There are only two prior descriptions of this species exhibiting a spreading edge morphology on blood and chocolate agar [7], but based on these three cases, these phenotypes may be characteristic of K. gyiorum. The spreading morphology distinguishes K. gyiorum from Acinetobacter spp., which are also oxidase negative, nonfermenting Gram-negative bacilli. With relation to the antibiotic sensitivity, our isolate was susceptible to aminoglycosides, to ciprofloxacin, and to broad-spectrum cephalosporins, results which are in agreement with those published by Coenye et al. [4].

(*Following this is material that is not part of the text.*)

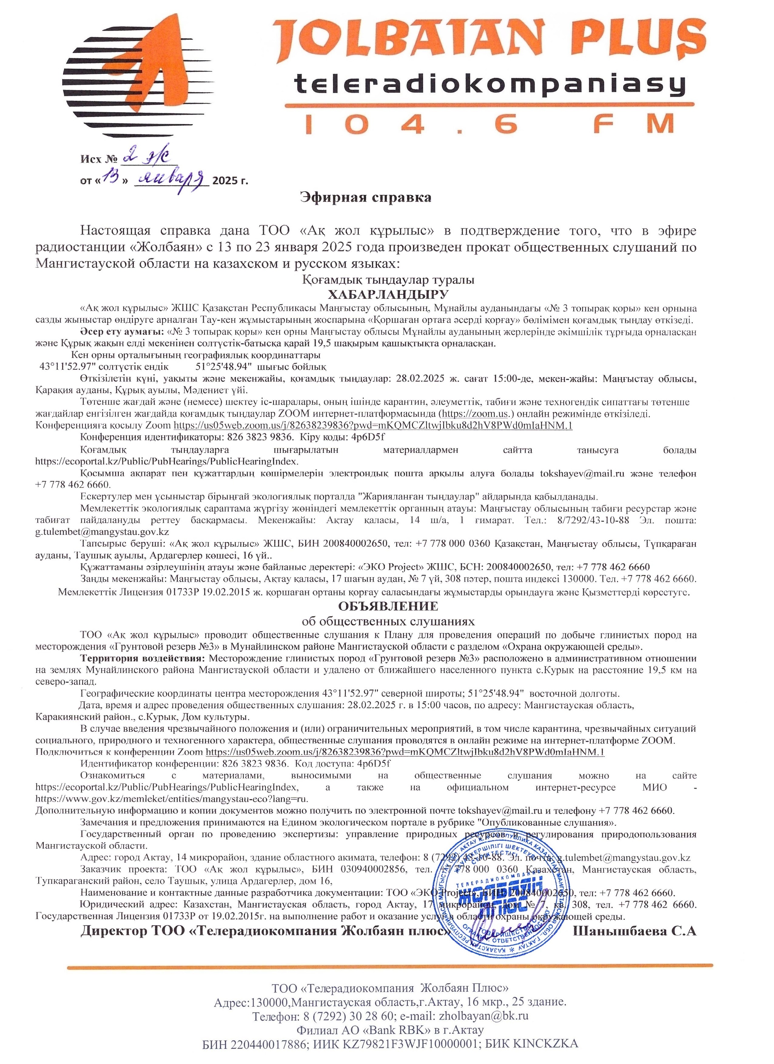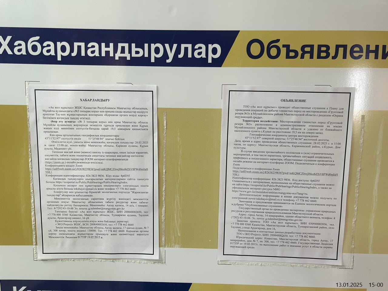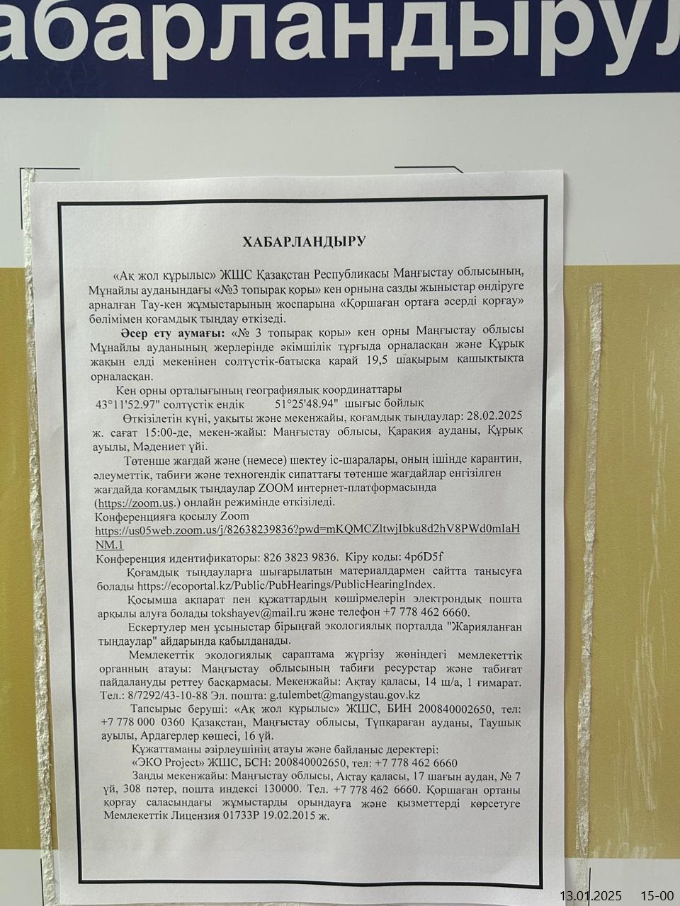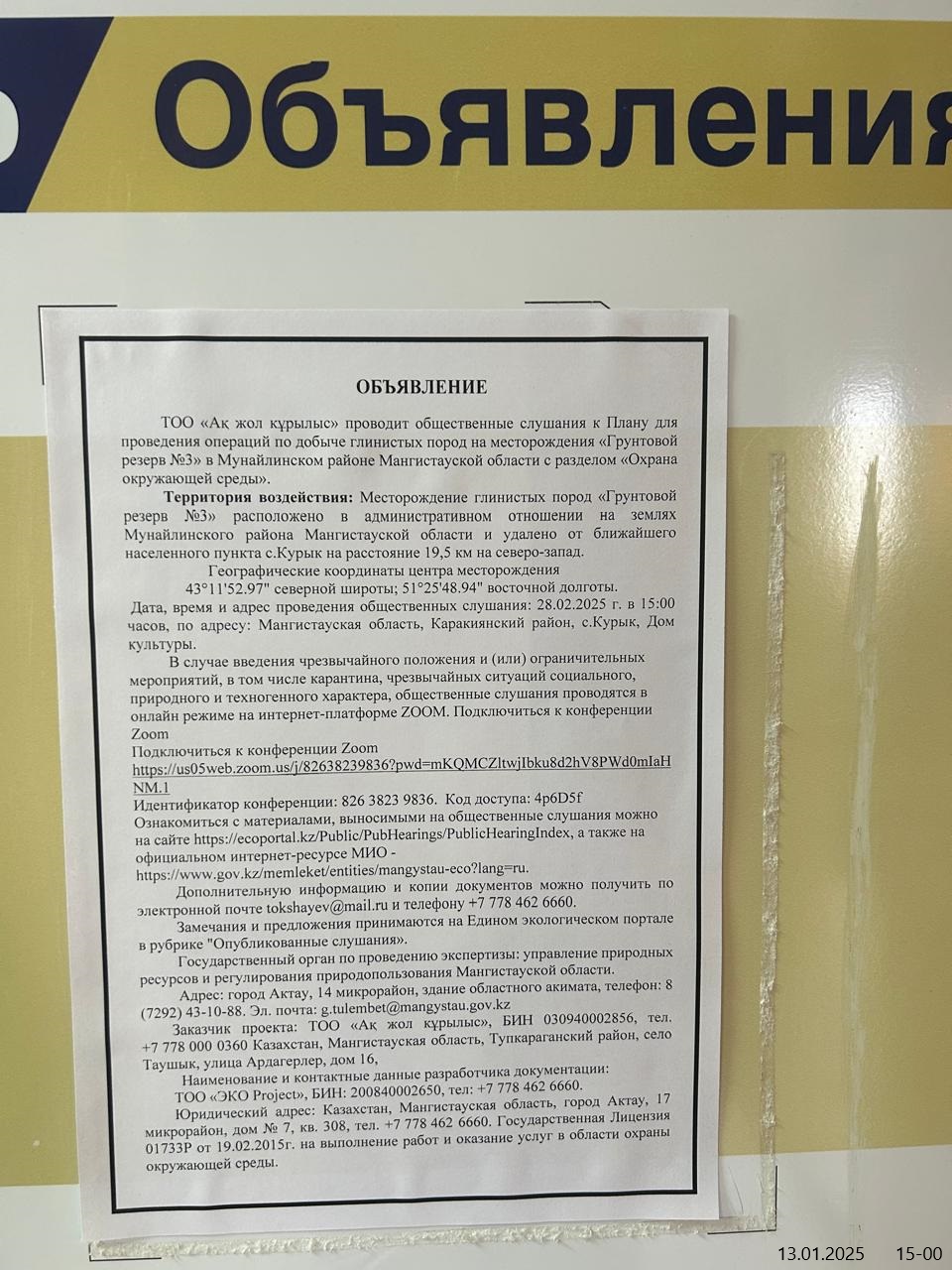 3. Общественные слушания организованны: Управление природных ресурсов и регулирования природопользования Мангистауской области, g.tulembet@mangystau.gov.kz,

As noted by Pence et al., because of the unusual nature of these isolates, it is unlikely that we would have been able to assign an identification solely using biochemical methods. K. gyiorum is not included in the databases of most commercial systems, and thus, MALDI-TOF MS or sequencing techniques need to be used [7]. In an effort to expedite timely, effective antimicrobial therapy for our patients with pneumonia, our institution implemented MALDIT-TOF MS testing for all respiratory isolates in June 2012. As identification methods such as MALDI-TOF MS and 16S rRNA gene sequencing become more widely adopted in clinical laboratories, an increasing number of atypical organisms are likely to be identified.